Dear Peter We thought of "other" of course. But that word has no agreed on mathematical definition. Students who think it means "distinct" will be confused when told that it is a special application of the UMP that yields the graph of a map as a section of a projection. (Perhaps best if "self" is a special case of "other" ?) Sammy always scolded Jon, Fred, Myles, and me that such "helpful" explanations make difficult the digestion and mathematical use of simple clear definitions. (I don't think this excludes explanation in a separate paragraph or footnote). Bill
From: peasthope@shaw.ca Date: Fri, 29 Apr 2011 11:56:48 -0800 To: categories@mta.ca CC: peasthope@shaw.ca Subject: categories: Re: Explanations
Charles & everyone,
Earlier peasthope wrote, "...changing a few words of a sentence can make a concept obvious rather than nebulous". Revise that to "obvious rather than difficult".
From: Charles Wells <charles@abstractmath.org> Date: Fri, 22 Apr 2011 09:37:44 -0500
Can you give specific examples? I suspect that in most cases the change introduces a useful metaphor that was hidden before.
Here is a small example from the _Conceptual Mathematics_ of Lawvere and Schanuel. No offense to the authors or the book. It's an indispensible and invaluable resource.

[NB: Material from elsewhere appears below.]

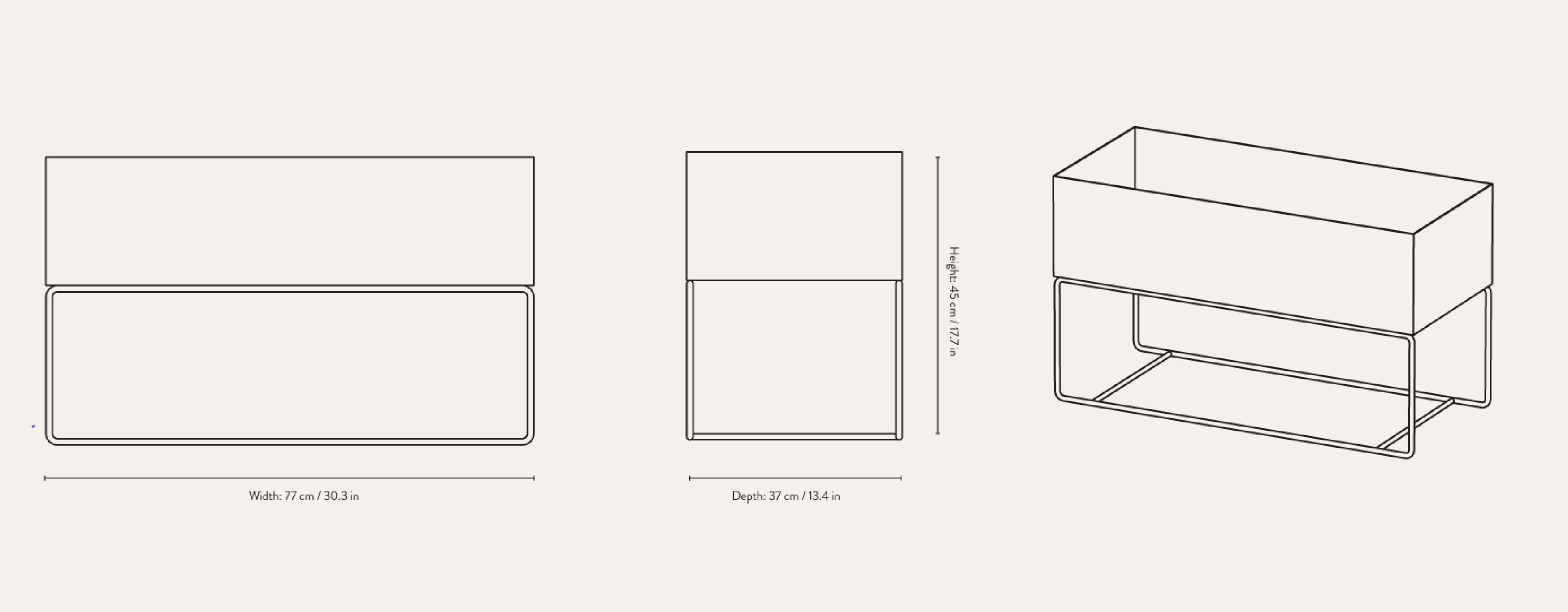 De grote, lage en diepe plantentrog Plant Box, gemaakt van poedergecoat staal, is de ideale oplossing voor het opbergen van planten, maar is ook perfect voor het opbergen van alledaagse spulletjes – van tijdschriften en boeken tot speelgoed of kantooraccessoires. Geplaatst op een slanke, maar stabiele basis, past het tijdloze ontwerp in een klassieke beige tint perfect in elk interieur. U kunt het ook gebruiken met een bijpassend deksel, waardoor er extra gebruiksoppervlak ontstaat.

L&S page 292, "Definition ... equalizer ... and for each x:T-->X ... there is exactly one e:T-->E ... ." "For all T" is implicit.
http://en.wikipedia.org/wiki/Equalizer_(Mathematics) , "In category theory ... defined by a universal property, ... object E and morphism eq ... such that, given any other object O and morphism m ... ."
For me, the reference to "any other object O" helps. The definition in the Wikipedia seems to reveal the "universality" of the equalizer better. The diagram also helps.
A trivial issue for most readers but a small detail can make a difference for a student.
Regards, ... Peter E.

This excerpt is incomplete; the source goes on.